In the outer for-loop, we have to specify how many characters do we want to generate. We use “model.Predict() function to predict the next character. Variable “x” will have an initial seed text sample to start the process of inference. model.predict(x), predicts the possible probability scores for each character. Higher the probability, higher the likelihood of the character being the next character. We apply “argmax” to get the index of the maximum probability value. Using “int_to_char” and the index values of maximum probability we get the next character predicted.

This process will we iterate based on a number of character we want to generate. In the example code below we are predicting 500 characters.
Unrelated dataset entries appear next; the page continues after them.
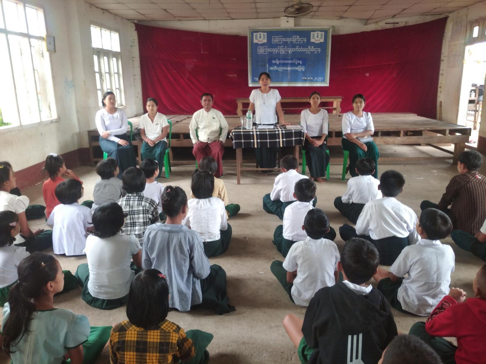 ရှေးဦးစွာ ဟောပြောပွဲတွင် တာဝန်ခံ ကျောင်းအုပ်ဆရာမကြီး ဒေါ်ဌေးဌေးလှက အဖွင့်အမှာစကားပြောကြားပြီး ရွှေကျင်မြို့နယ် ပြန်ကြားရေးနှင့်ပြည်သူ့ဆက်ဆံရေးဦးစီးဌာနမှ မြို့နယ်ဒုတိယဦးစီးမှူး ဦးမျိုးငြိမ်းက အမျိုးသားနေ့ ပေါ်ပေါက်လာပုံသမိုင်းကြောင်း၊ အမျိုးသားရေးစိတ်ဓာတ်အခန်းကဏ္ဍအရေးကြီးပုံ၊ လိုက်နာကျင့်ဆောင်သင့်သည့် မျိုးချစ်စိတ်ဓာတ် အကြောင်းအရာများကို ဟောပြောခဲ့သည်။
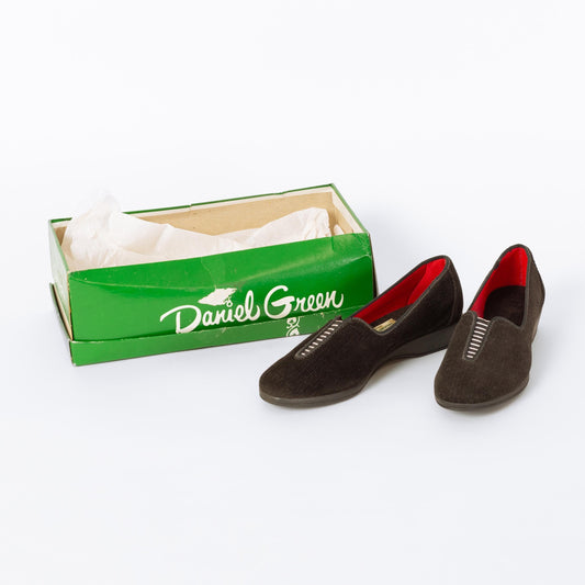 Vintage 50s 60s Daniel Green Black Corduroy Slippers - Size 5.5
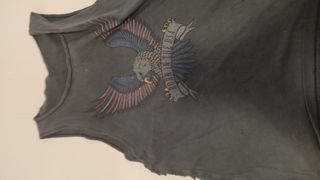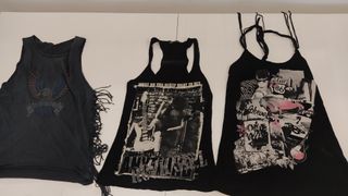 Conjunto de tres camisetas de tirantes con diseños llamativos. Lote 7€ - Camiseta gris con estampado de águila y flecos laterales. - Camiseta negra con estampado gráfico y texto. - Camiseta negra con collage de imágenes y texto.
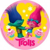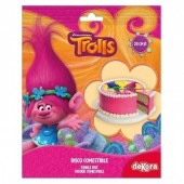 Disco de açúcar (comestível) para a decoração do bolo de aniversário com as conhecidas personagens do filme Trolls com 20cm de diâmetro.
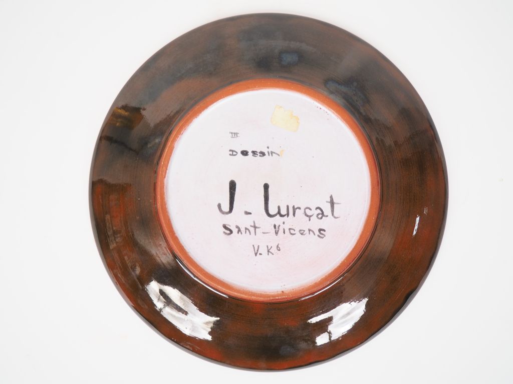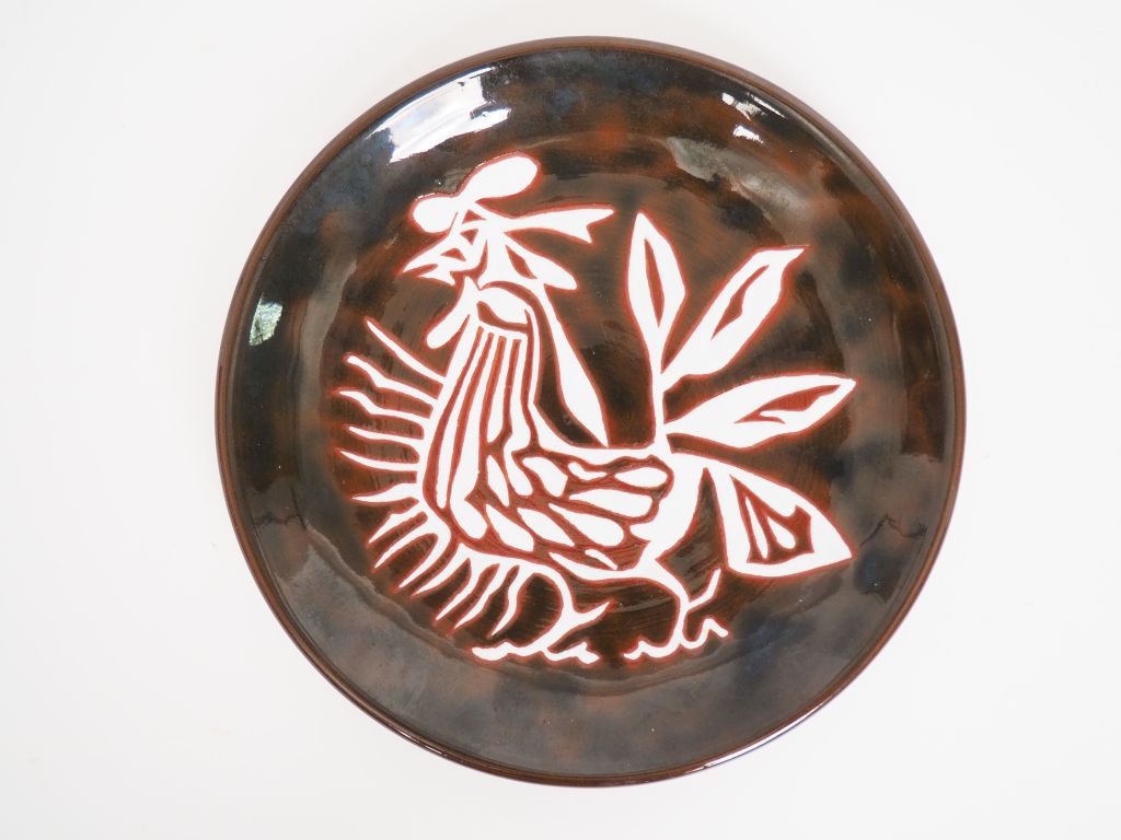 Jean LURÇAT pour Sant Vicens. Assiette en céramique brune et blanche "le coq" Signée Diam. 21 cm
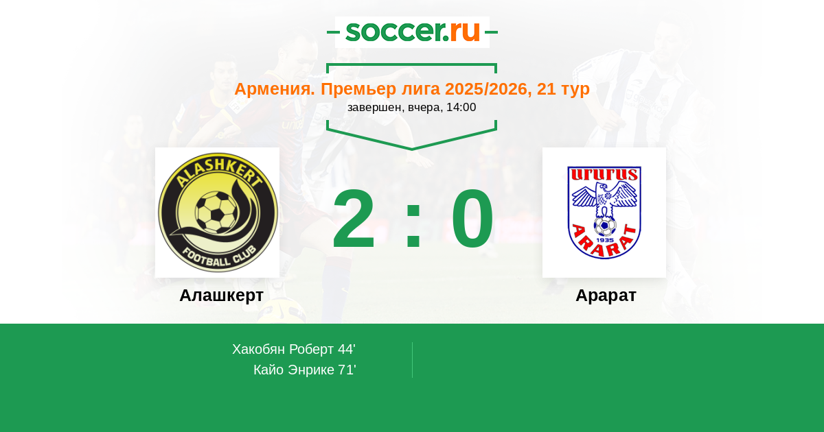 Алашкерт - Арарат: обзор матча 14 апреля 2026
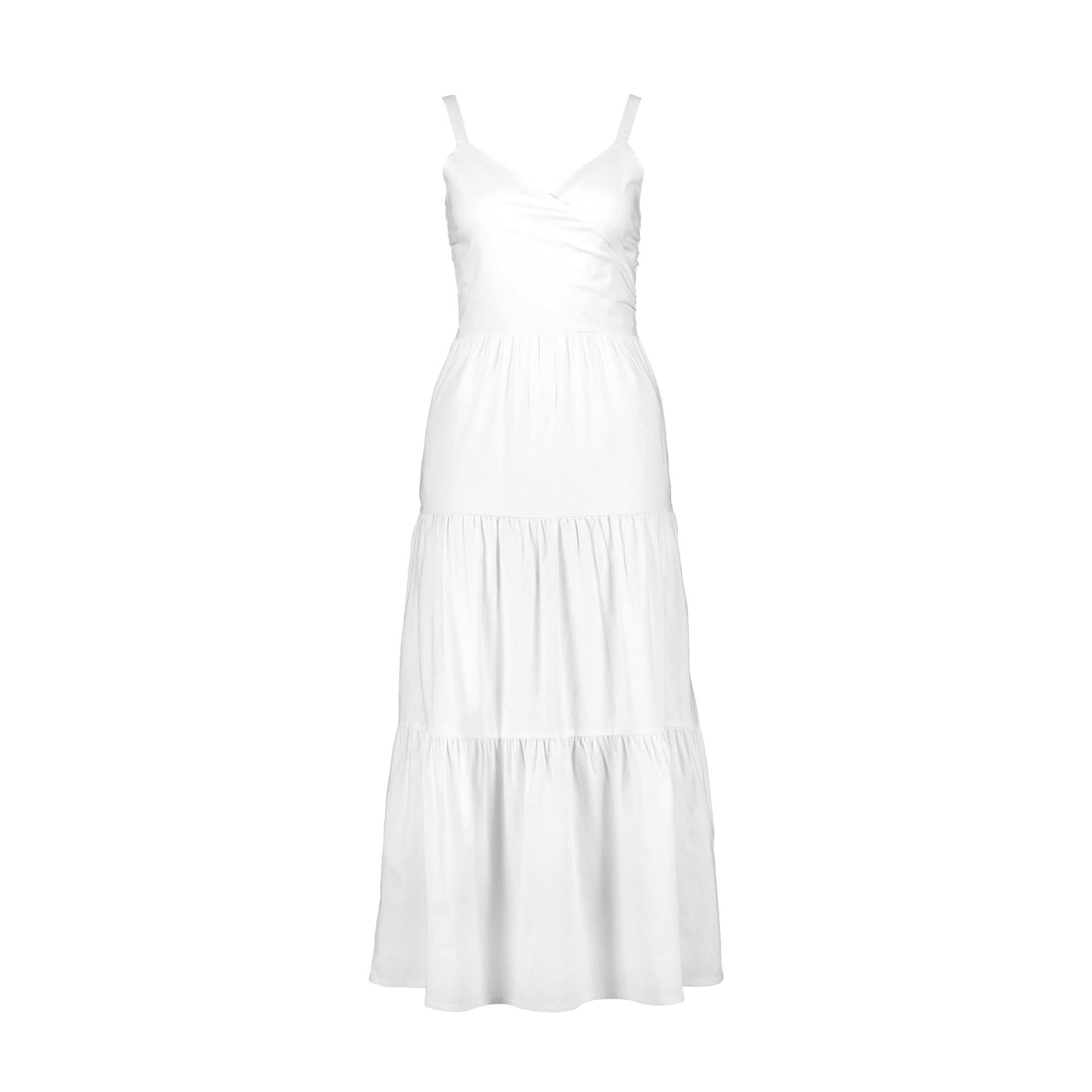 As summery as it gets! Made of a light and breathable organic cotton and linen blend, our beautiful tiered wrap dress features a flattering wrap front bodice, smocked back for comfortable fit, and a flowing tiered midi skirt. Fully lined in soft cotton batiste. And did we mention, it has pockets?
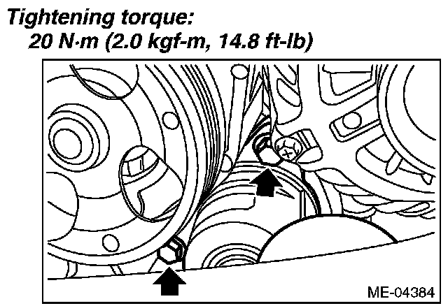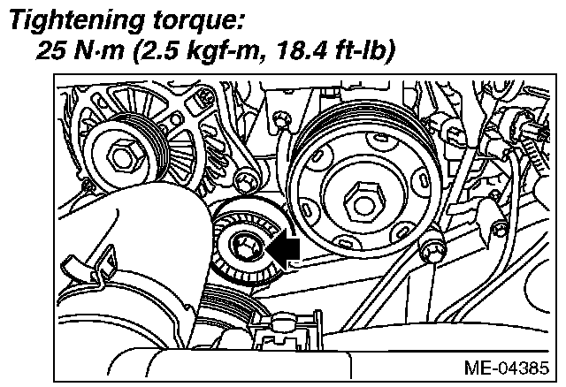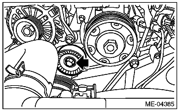 3) Check the V-belt tensioner assembly and idler pulley for deformation, cracks or other damages.
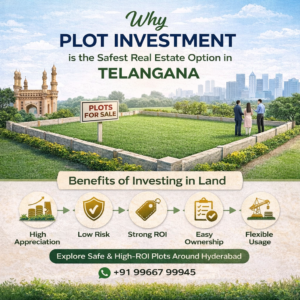 Investors are now seeking plot investments instead of buying flats or commercial properties in Telangana. This is because buying a plot is a lower risk option that appreciates over time and gives long term security. Because of rapid development in and around Hyderabad investing in land has become a safe way to build wealth. Plot investment is arguably the safest option in Telangana for real estate investment.
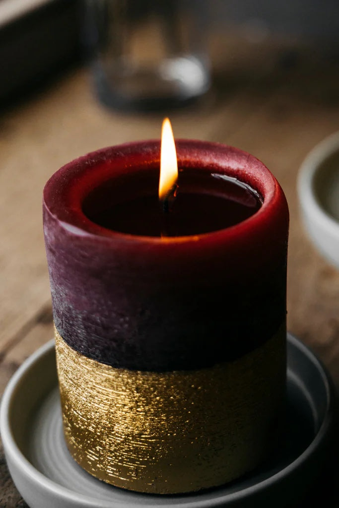 Gold-Dipped Pillar Candle | Figgy Pudding
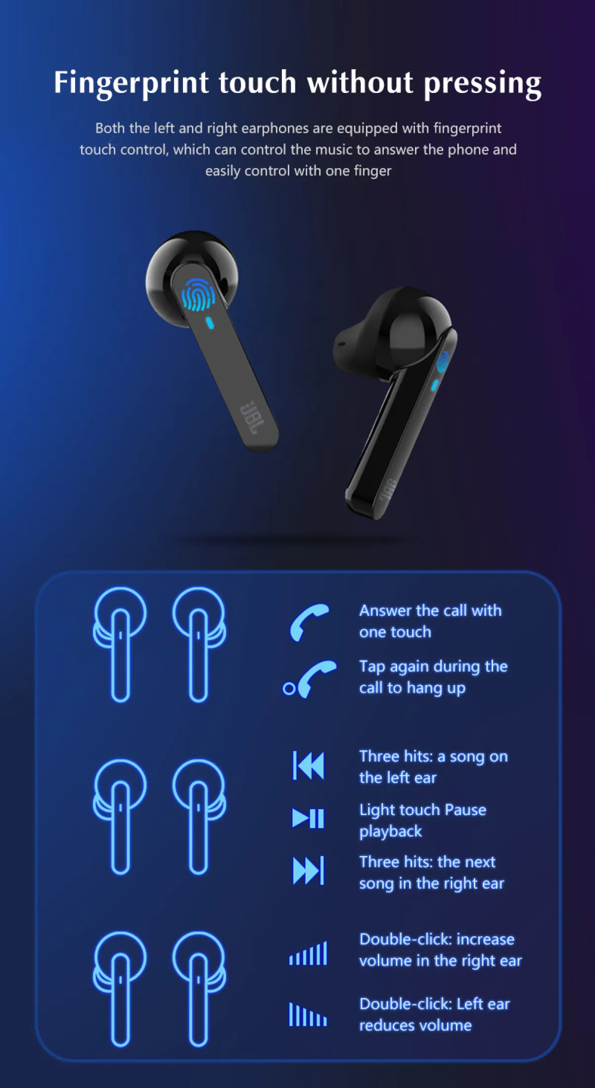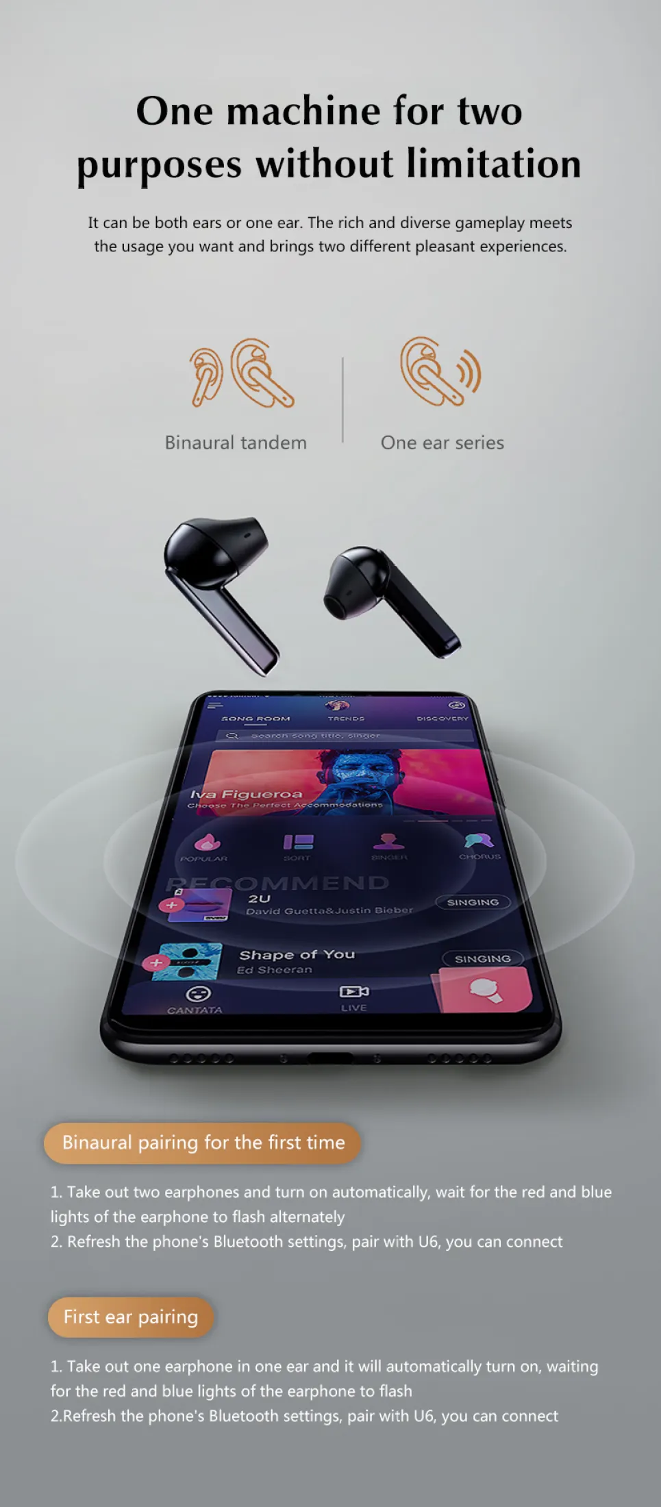 1. The Single – ear connection: Take out the earbud and start it automatically in the charging modeLong press the multi – function button to start it. At this time the red and blue towns flashingalternately, Open the mobile phone bluetooth can search for connection, also support otherany bluetooth device in connecting to listen to music or dial the phone
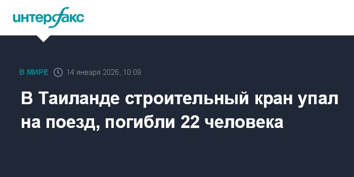 Москва. 14 января. INTERFAX.RU - В Таиланде в провинции Накхонратчасима строительный кран упал на поезд, погибли не менее 22 человек и еще 64 пострадали, сообщает АР со ссылкой на представителя правительства региона.

We can go on to generate as many as we want.

#import sys
# generate characters
for i in range(500):
x = numpy.reshape(pattern, (1, len(pattern), 1))
x = x / float(n_vocab)
prediction = model.predict(x, verbose=0)
index = numpy.argmax(prediction)
result = int_to_char[index]
seq_in = [int_to_char[value] for value in pattern]
#sys.stdout.write(result)
print(result,end=””)
if i%100 == 0 and i != 0:
print(“\n”)
pattern.append(index)
pattern = pattern[1:len(pattern)]
print (“\nDone.”)

Applications of Language Model:

Language models have numerous applications.

  1. Predicting the next character in a word or predict the next word in a sentence while typing.
  2. It helps in both Sentence completion and word completion.
  3. Generate stories in the style of classic books. Example learn from the style of Shakespeare, Agatha Cristie etc and generate a new story.
  4. The language model can be used for pretraining a recurrent model. The pre-trained model can be used for other applications like Text classification or Neural Machine Translation. This idea of Transfer learning in NLP is very new and gaining a lot of ground. Refer to the fast.ai notebook on text classification to see its implementation.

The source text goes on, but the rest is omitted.